Type 2 diabetes mellitus is one of the largest public health problems worldwide, especially in developing nations such as China [
However, according to a clinical study, up to 73.6% of type 2 diabetic patients suffer from corneal complications, such as punctate keratopathy, endothelial dystrophy, and recurrent erosions [
In contrast to aqueous-deficient dry eye, which is usually caused by a lack of tear production, evaporative dry eye is due to lid-related and ocular surface-related causes such as meibomian gland dysfunction (MGD) and is more frequent [
Corneal changes usually depend on the type, duration, and compensation of diabetes mellitus. In this study, we aimed to analyze the tear film stability and morphological changes in meibomian glands using keratography in diabetic patients compared with nondiabetic controls and to better understand the impact of disease duration on the ocular surface during the course of type 2 diabetes mellitus.
The study was approved by the Investigational Review Board of Shanghai Ninth People’s Hospital, Shanghai Jiaotong University School of Medicine, Shanghai, China. All subjects enrolled were informed of the aims of this study.
One hundred twenty patients diagnosed with type 2 diabetes mellitus met the inclusion criteria and were enrolled in the study at the Shanghai Ninth People’s Hospital between April 2016 and January 2017. Data were obtained from the right eye of each subject unless this eye was excluded, in which case data were collected from the left eye. The inclusion criteria were as follows: at least 40 years of age and willingness to participate in the study. Patients were excluded if they used topical medications; wore contact lenses; had undergone ocular surgery in the past year or had evidence of other ocular surface diseases; had active ocular infection, inflammation, or systemic disease; or were taking medications that would alter the ocular surface. All diabetic patients had a blood glucose level within the normal range. Diabetic patients were divided into the following three groups according to duration of diabetes since the first diagnosis: less than 5 years, 5–10 years, or more than 10 years. Forty subjects were recruited as nondiabetic controls. The exclusion criteria were similar to those of the control group. Fasting blood glucose was measured to rule out diabetes even in those without a history of diabetes. All patients underwent noninvasive ocular surface examinations in the following order: tear meniscus height (TMH), noninvasive tear film breakup time, bulbar and limbal hyperemia, and grading of meibomian gland loss with the Oculus Keratograph 5M (Wetzlar, Germany). All patients were examined by the same physician (He FL).
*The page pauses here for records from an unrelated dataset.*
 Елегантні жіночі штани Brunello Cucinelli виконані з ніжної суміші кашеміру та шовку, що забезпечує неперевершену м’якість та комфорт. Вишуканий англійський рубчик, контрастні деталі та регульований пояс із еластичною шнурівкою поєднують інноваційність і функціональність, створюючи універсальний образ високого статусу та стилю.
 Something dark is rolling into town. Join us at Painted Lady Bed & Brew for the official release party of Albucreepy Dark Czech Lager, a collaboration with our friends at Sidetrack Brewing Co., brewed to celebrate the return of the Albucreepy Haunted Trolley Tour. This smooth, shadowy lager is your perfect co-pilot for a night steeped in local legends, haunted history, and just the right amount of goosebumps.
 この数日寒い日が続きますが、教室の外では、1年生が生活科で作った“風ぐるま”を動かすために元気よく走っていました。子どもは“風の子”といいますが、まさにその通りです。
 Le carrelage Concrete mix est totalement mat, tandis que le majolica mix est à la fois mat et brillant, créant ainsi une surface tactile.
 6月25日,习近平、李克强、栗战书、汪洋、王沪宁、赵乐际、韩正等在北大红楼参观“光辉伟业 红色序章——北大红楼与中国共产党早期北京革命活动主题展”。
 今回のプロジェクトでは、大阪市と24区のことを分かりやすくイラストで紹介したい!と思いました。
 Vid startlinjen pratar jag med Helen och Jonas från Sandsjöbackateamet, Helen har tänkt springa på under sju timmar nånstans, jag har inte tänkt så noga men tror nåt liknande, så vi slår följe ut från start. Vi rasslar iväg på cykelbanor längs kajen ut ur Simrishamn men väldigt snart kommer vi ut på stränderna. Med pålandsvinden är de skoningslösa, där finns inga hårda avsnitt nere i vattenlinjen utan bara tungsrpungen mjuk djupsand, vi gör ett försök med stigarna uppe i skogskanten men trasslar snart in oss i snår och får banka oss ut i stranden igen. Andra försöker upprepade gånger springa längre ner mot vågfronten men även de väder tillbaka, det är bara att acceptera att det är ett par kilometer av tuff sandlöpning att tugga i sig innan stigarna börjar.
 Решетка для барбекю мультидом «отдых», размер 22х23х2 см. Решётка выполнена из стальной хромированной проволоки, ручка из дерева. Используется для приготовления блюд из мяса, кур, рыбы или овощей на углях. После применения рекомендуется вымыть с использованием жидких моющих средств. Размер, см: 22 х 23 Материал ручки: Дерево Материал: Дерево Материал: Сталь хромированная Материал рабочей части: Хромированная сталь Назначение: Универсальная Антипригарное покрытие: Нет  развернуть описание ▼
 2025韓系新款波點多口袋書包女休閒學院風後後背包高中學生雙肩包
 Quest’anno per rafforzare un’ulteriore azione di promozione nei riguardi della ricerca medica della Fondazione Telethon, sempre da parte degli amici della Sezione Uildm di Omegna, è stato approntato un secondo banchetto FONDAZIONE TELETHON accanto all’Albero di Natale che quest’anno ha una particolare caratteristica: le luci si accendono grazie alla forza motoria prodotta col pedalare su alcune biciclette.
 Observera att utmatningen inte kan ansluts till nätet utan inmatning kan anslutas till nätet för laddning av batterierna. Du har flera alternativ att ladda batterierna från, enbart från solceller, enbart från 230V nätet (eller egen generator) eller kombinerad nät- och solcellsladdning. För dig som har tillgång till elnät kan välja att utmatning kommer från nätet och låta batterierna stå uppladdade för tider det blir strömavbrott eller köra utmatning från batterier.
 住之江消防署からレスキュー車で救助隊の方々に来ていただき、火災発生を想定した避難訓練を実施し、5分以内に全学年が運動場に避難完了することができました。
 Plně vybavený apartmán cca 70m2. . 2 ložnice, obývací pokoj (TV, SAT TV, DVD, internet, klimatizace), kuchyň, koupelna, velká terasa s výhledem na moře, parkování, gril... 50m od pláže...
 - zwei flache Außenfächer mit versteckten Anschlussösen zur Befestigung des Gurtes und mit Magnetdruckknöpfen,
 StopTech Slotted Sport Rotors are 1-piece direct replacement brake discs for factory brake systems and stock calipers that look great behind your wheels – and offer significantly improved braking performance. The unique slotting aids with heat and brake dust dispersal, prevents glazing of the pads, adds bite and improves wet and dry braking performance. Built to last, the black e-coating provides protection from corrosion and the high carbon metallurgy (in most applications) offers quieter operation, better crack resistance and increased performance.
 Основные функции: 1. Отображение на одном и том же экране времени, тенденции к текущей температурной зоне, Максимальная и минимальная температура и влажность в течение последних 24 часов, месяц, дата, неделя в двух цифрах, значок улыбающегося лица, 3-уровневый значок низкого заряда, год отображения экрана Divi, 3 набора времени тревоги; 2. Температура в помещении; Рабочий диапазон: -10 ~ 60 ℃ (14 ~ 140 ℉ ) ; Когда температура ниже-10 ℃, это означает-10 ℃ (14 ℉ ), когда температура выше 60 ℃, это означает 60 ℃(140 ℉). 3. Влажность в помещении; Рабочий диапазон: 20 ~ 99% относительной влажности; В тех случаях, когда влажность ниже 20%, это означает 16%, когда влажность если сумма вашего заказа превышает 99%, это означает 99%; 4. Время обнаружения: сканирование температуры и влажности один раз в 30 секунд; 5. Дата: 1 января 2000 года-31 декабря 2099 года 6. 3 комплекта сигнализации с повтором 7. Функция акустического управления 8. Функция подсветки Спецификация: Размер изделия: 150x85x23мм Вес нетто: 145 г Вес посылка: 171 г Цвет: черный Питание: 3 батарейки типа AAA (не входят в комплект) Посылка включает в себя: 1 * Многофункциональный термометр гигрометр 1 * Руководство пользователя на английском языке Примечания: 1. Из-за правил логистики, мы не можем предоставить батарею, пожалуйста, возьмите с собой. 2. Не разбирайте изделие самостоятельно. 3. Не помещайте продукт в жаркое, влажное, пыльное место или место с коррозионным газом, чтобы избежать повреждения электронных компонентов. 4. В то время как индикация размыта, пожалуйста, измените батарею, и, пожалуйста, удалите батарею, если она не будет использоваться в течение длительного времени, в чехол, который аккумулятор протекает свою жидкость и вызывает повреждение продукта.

All diabetic patients were from the Department of Endocrinology in our hospital. These patients had been followed up over a long period, and disease duration was confirmed by their professional endocrinologists. The data in this article are reliable and were obtained from medical files. The groups were matched by age.
Oculus Keratograph 5M can provide automated measurements of tear film dynamics and meibographic images using infrared light without topical anesthetic, fluorescein staining, cobalt blue light, or manual timing. Measurements of noninvasive breakup time (NIKBUT) obtained with the advanced corneal topographer provide a simple, noninvasive screening test for dry eyes with acceptable sensitivity, specificity, and repeatability [
TMH was measured twice in each eye using infrared images obtained from the keratograph. The lower tear film meniscus images were captured 5 s after blinking, and the values were graded perpendicular to the lower eyelid margin at the central point.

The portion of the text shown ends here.